We have also pressed forward with our goal to integrate renewing principles into medical school curricula. Although the scholar and former chair of the Department of Medicine at UCSF, Lloyd Hollingsworth Smith Jr., once said to me that, “Changing a curriculum is harder than moving a cemetery,” we were able to convince the Stanford Medical School to incorporate RENEWing.
Merlin Was Right
In short, we need to learn, to renew throughout our lives. Merlin had it right: “The best thing for being sad,” replied Merlin, beginning to puff and blow, “is to learn something. That is the only thing that never fails. You may grow old and trembling in your anatomies, you may lie awake at night listening to the disorder of your veins, you may miss your only love, you may see the world about you devastated by evil lunatics or know your honor trampled in the sewers of baser minds. There’s only one thing for it then, to learn. Learn why the world wags and what wags it. That is the only thing that the mind can never exhaust, never alienate, never be tortured by, never fear or distrust, and never dream of regretting. Learning is the thing for you.”
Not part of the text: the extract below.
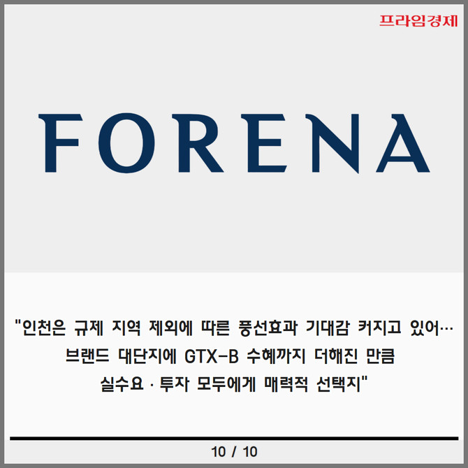 [카드] 포레나더샵 인천시청역, 인천 新주거타운 재편 중심축

RENEW has emerged from its formative years with its cornerstones intact and its principles and methods well honed. With luck, its foundation will also serve as a springboard, so that RENEW’s services and programs will increasingly be adopted by people-centered organizations and institutions elsewhere. RENEWing will be part of everyone’s life and work. So that, as you read these words, you will say, “Of course!” I hope.
Source: Journal of the Royal Society of Medicine, Vol. 98, May, 2005.
References
1. Darwin C. The Origin of Species by Means of Natural Selection; London: John Murray, 1859.
2. Weiner E, Swain G, Wolf B, Gottlieb M; A qualitative study of physicians’ own wellness-promotion activities; West J Med,174:19–23, 2001.
3. White TH; The Once and Future King; GP Putnam’s Sons, New York, 1939.
RENEW Principles in a Nutshell
1. Renewing begins by affirming values. Values define meaning in life and motivate action.
2. Gaps between values and behavior are sources of depletion and signals that it’s time to renew.
3. When people renew, they enhance the vitality of their work, families, friendships and communities.
4. When people weave renewing into their daily lives, they gain resilience and add to their capacity to change and grow.
5. Renewing is best done in good company. Conversations, sharing stories, encouraging and validating one another are powerful catalysts for positive change and growth.
6. Renewing allows people to discover that they already possess many of the answers and much of the wisdom they seek.
7. Renewing allows people to discover that, while they can’t always control their circumstances, they can choose their attitudes and responses.
8. Renewing gives people greater access to the sizeable reservoirs of talent, courage, and creativity that are within them.
9. Sense of humor is a sensitive barometer. The more people are able to see humor in life and to laugh at themselves, the less they need to renew. And vice versa.
10. Rest, reflection, risk-taking, learning, and exercise are essential ingredients of renewing.
11. Speaking, writing and artistic expression clarify values and make it easier to be true to them.
12. Renewing would be hard work if it were not so enjoyable.